• [Work order]
Please keep the pictures out and write out exactly the lines from the first in the data below through the one containing "the work of", both included.

• [Supplied information]
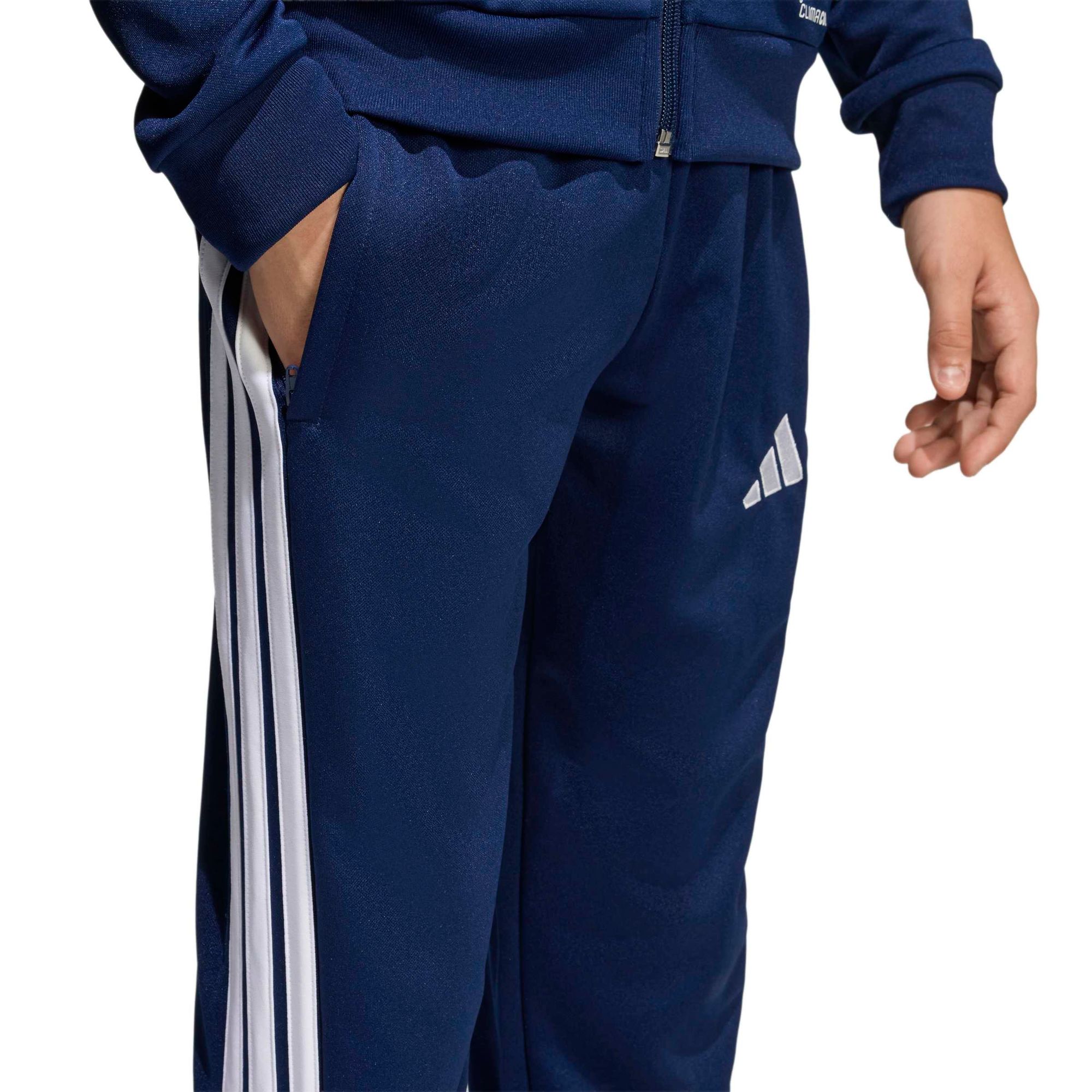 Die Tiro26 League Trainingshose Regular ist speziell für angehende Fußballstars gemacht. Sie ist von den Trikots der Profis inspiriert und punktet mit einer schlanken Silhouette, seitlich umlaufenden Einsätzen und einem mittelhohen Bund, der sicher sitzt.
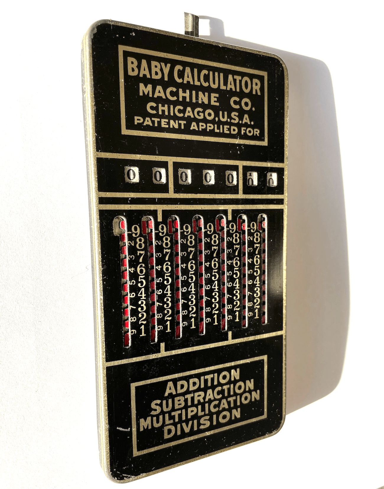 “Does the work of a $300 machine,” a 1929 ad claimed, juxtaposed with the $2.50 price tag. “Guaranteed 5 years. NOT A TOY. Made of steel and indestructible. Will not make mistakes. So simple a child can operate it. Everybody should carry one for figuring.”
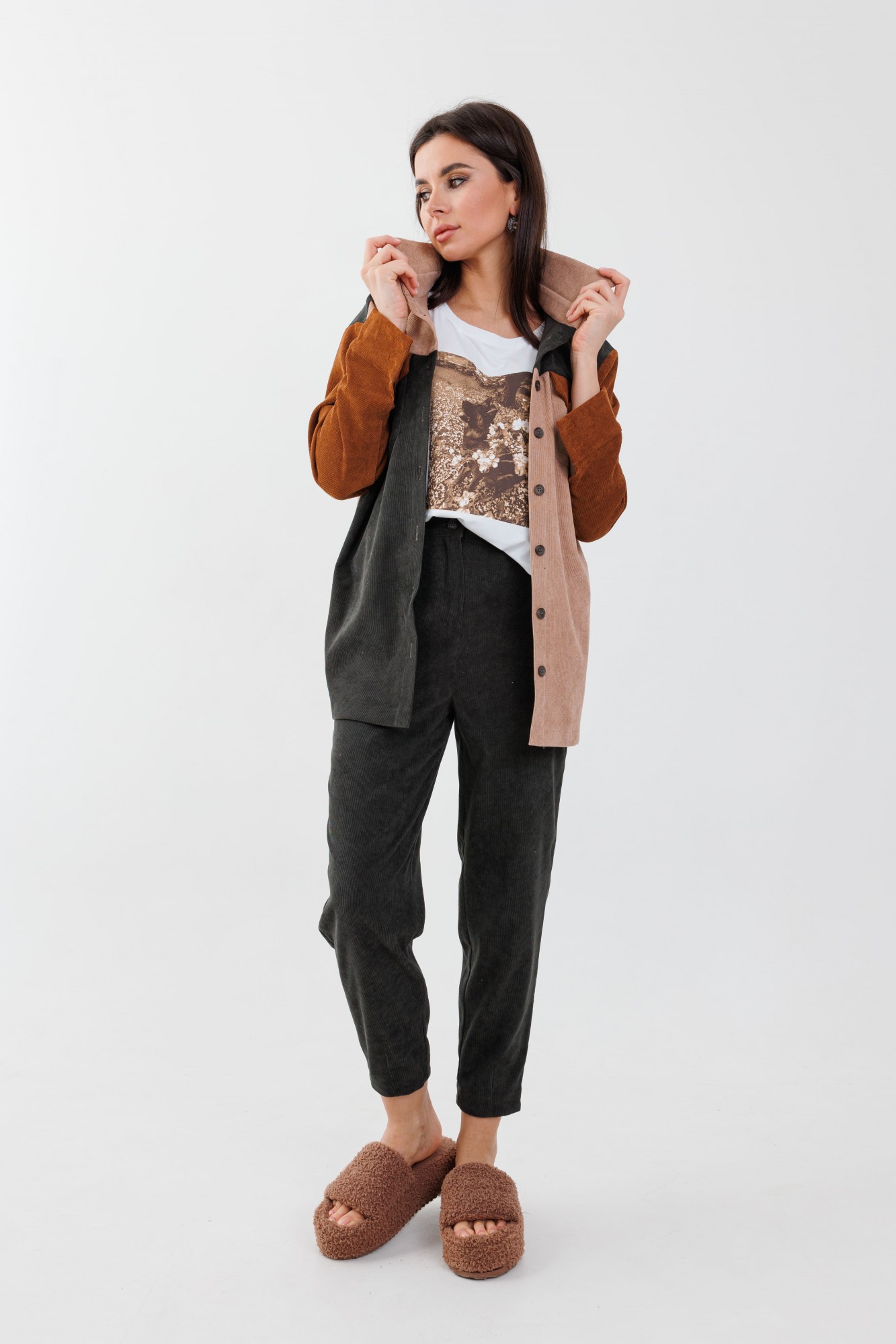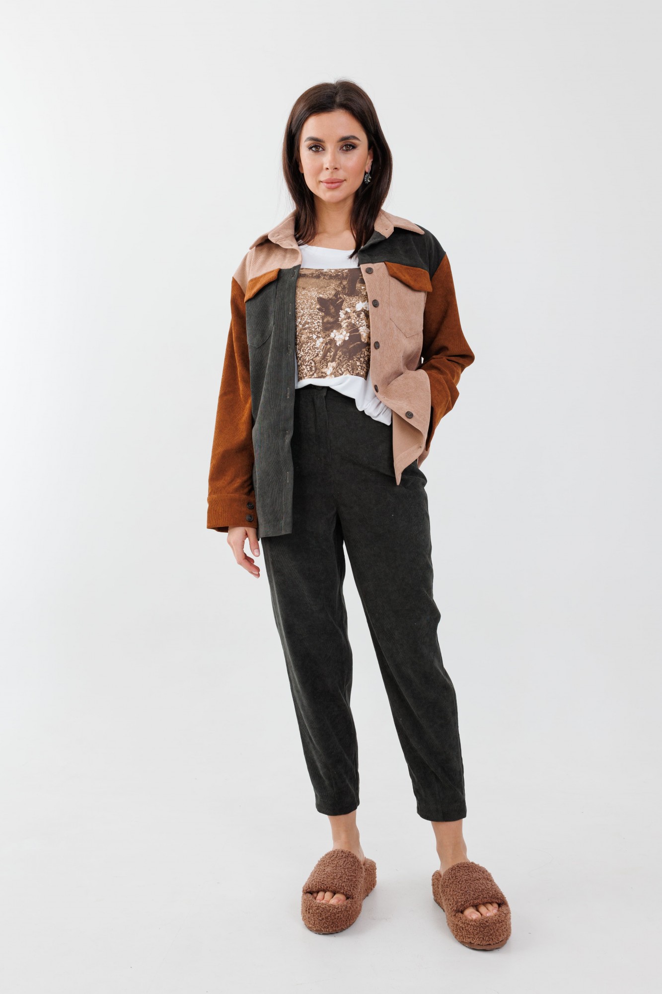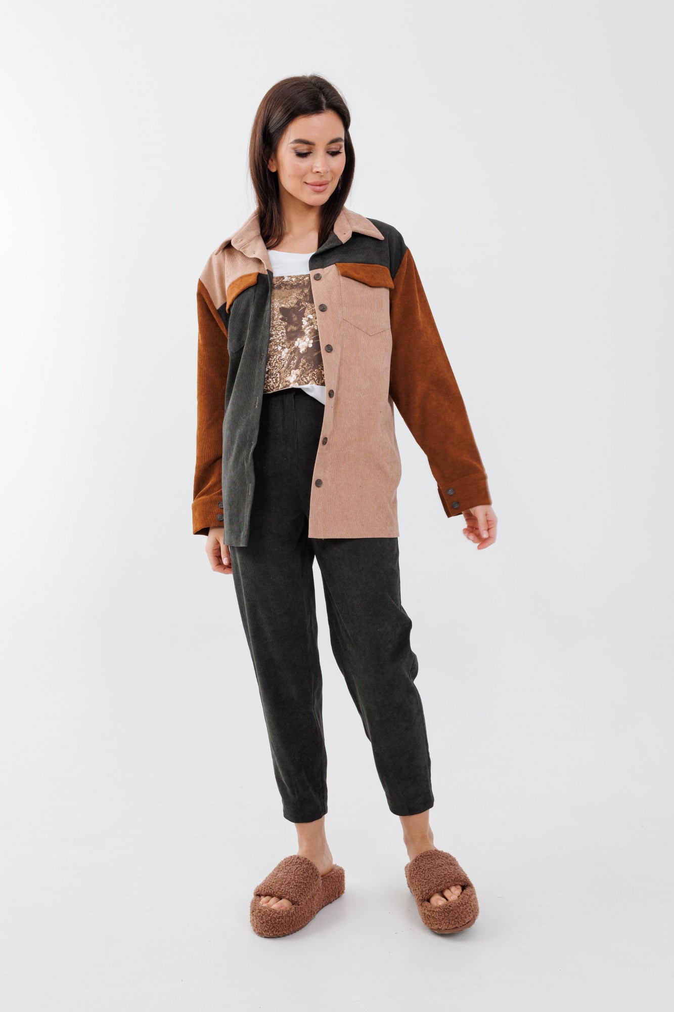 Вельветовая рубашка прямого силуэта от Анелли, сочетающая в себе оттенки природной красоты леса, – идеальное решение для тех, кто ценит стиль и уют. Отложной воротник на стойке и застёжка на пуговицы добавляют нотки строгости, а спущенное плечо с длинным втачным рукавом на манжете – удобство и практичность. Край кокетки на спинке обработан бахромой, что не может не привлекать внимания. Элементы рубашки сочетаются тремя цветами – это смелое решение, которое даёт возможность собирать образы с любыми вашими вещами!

• [Task solution]
 Die Tiro26 League Trainingshose Regular ist speziell für angehende Fußballstars gemacht. Sie ist von den Trikots der Profis inspiriert und punktet mit einer schlanken Silhouette, seitlich umlaufenden Einsätzen und einem mittelhohen Bund, der sicher sitzt.
 “Does the work of a $300 machine,” a 1929 ad claimed, juxtaposed with the $2.50 price tag. “Guaranteed 5 years. NOT A TOY. Made of steel and indestructible. Will not make mistakes. So simple a child can operate it. Everybody should carry one for figuring.”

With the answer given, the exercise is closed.